Name: Ariel Xie
Majors: Physics, Mathematics
Minor: Computer Science
Advisors: Dr. Lindner, Dr. Kelvey
How does sunset look like on exoplanets? For some eccentric planetary orbits, the host star appears to move backwards in the sky as the orbital speed momentarily exceeds the rotation speed near the periapsis, when the planet is nearest to its star. This necessitates a new definition of a day. Thus, a new definition “apoday” is defined as the time between two consecutive noons in the dominant direction of motion of the host star, excluding the noons caused by its reversal and recovery. This thesis begins with an exploration of conditions necessary for apoday to happen.

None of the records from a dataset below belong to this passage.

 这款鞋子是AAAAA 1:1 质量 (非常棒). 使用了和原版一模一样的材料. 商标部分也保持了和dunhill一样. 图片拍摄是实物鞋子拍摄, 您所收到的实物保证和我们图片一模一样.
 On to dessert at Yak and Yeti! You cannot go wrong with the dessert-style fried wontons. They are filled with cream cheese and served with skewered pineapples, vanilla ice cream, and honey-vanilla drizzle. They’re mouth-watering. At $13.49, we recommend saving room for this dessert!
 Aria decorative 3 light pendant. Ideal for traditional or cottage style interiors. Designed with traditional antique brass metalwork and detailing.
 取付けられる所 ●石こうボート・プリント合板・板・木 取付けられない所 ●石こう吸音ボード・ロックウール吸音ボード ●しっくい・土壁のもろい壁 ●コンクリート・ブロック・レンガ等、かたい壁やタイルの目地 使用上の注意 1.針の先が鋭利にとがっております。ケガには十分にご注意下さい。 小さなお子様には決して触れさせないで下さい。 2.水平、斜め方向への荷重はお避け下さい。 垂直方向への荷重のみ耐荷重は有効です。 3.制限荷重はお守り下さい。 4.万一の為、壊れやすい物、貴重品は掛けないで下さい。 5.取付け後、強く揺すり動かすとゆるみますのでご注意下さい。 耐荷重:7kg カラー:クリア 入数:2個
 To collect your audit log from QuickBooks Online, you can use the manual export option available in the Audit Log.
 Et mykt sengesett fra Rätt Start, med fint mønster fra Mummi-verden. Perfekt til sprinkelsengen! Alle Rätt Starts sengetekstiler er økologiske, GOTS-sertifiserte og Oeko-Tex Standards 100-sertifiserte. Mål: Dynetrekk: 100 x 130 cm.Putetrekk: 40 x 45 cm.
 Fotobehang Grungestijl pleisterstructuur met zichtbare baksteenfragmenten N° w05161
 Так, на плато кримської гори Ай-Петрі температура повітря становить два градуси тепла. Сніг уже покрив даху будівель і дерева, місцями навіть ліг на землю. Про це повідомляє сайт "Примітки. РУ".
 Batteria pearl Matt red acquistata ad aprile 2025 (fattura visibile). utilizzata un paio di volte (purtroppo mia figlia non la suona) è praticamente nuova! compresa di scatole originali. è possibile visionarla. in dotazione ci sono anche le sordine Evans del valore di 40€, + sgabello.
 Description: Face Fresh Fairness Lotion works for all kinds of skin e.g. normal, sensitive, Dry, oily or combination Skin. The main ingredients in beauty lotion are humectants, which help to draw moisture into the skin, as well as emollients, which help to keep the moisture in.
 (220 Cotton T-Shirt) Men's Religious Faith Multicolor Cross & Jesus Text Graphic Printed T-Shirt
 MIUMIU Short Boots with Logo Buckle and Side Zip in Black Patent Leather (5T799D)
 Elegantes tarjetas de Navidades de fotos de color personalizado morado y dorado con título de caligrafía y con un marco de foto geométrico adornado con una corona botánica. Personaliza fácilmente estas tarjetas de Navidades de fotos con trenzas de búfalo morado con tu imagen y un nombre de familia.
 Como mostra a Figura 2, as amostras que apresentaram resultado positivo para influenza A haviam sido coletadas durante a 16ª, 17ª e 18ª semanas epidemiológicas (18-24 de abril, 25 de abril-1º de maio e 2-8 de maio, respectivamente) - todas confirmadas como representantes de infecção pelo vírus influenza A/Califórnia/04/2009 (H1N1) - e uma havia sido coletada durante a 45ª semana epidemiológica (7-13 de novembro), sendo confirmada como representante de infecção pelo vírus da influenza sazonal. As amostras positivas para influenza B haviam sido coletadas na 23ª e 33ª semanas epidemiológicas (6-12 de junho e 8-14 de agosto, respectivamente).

Over the past decade, NASA’s Kepler and K2 missions have discovered thousands of planetary candidates for human settlement, of which 2000 have been confirmed. This thesis examines the apparent motion of the host star as viewed from exoplanets. Mathematica simulations model the motion of the host star. The simulations involve numerical integration of orbital equations of motion and analytic computation of the altitude of the sun observed from the planet. For the special case of zero obliquity(tilt), an exact nonlinear equations delimiting apodays in the space of orbital eccentricity and spin-orbit (day-year) ratio is derived, confirmed by numerical simulations.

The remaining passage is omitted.